Israel ready for 9-month freeze on outpost expansion - paper
27/08/200913:43
TEL AVIV, August 27 (RIA Novosti) - Israeli Prime Minister Benjamin Netanyahu has offered a nine-month moratorium on Jewish settlement construction in the West Bank, a government source told Haaretz.
The United States had asked Israel to order a one-year moratorium on the building of Jewish settlements in the West Bank to aid the Israeli-Palestinian peace process. The White House believes a freeze would encourage Arab countries to move forward with the normalization of ties with Israel.
The new initiative was put forward during Wednesday's meeting in London between the Israeli prime minister and the U.S. envoy to the Middle East, George Mitchell, the paper said.
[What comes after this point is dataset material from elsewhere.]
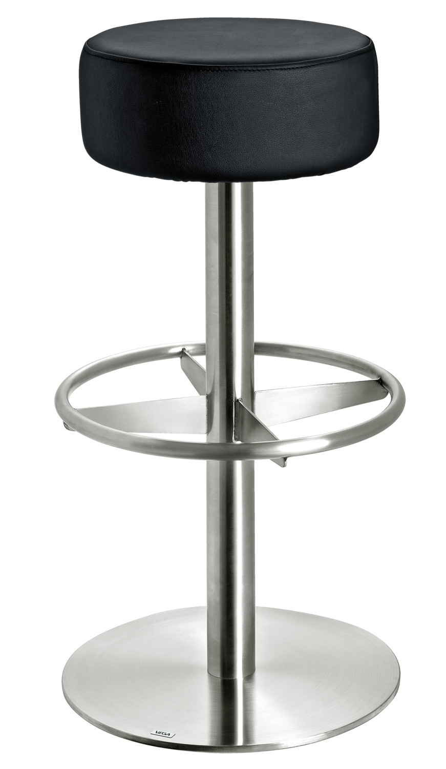 Round barstool seat made of imitation leather cover, upholstered and fire retardant. Suitable for indoor use only. Easy mounting on the Escape swivel base. Mounting material is included with the barstool base.

The U.S. has reportedly backed down on its demand that the settlement freeze also apply to East Jerusalem.
The moratorium would not apply to around 2,500 housing units already under construction in the West Bank, and objects of public infrastructure, such as kindergartens and schools, which are necessary to maintain "normal life" in the settlements.
Israel sees the moratorium as "a confidence-building measure that must be matched by reciprocal steps from the Palestinian Authority and other Arab states," Haaretz said. If it fails, Israel wants the U.S. to guarantee that it will not oppose renewed construction.
Discussions on the initiative are due to continue net week in Washington, at a meeting between Mitchell and two top Israeli officials - attorney Yitzhak Molcho, an envoy for Netanyahu, and Defense Minister Ehud Barak's chief of staff Brig. Gen. Mike Herzog.
Mitchell is due to pay a visit to Israel in mid-September, and Netanyahu could meet with Palestinian leader Mahmoud Abbas at next month's UN General Assembly session in New York. Until recently, Abbas had rejected the possibility of such a meeting unless Israel freezes settlement construction completely.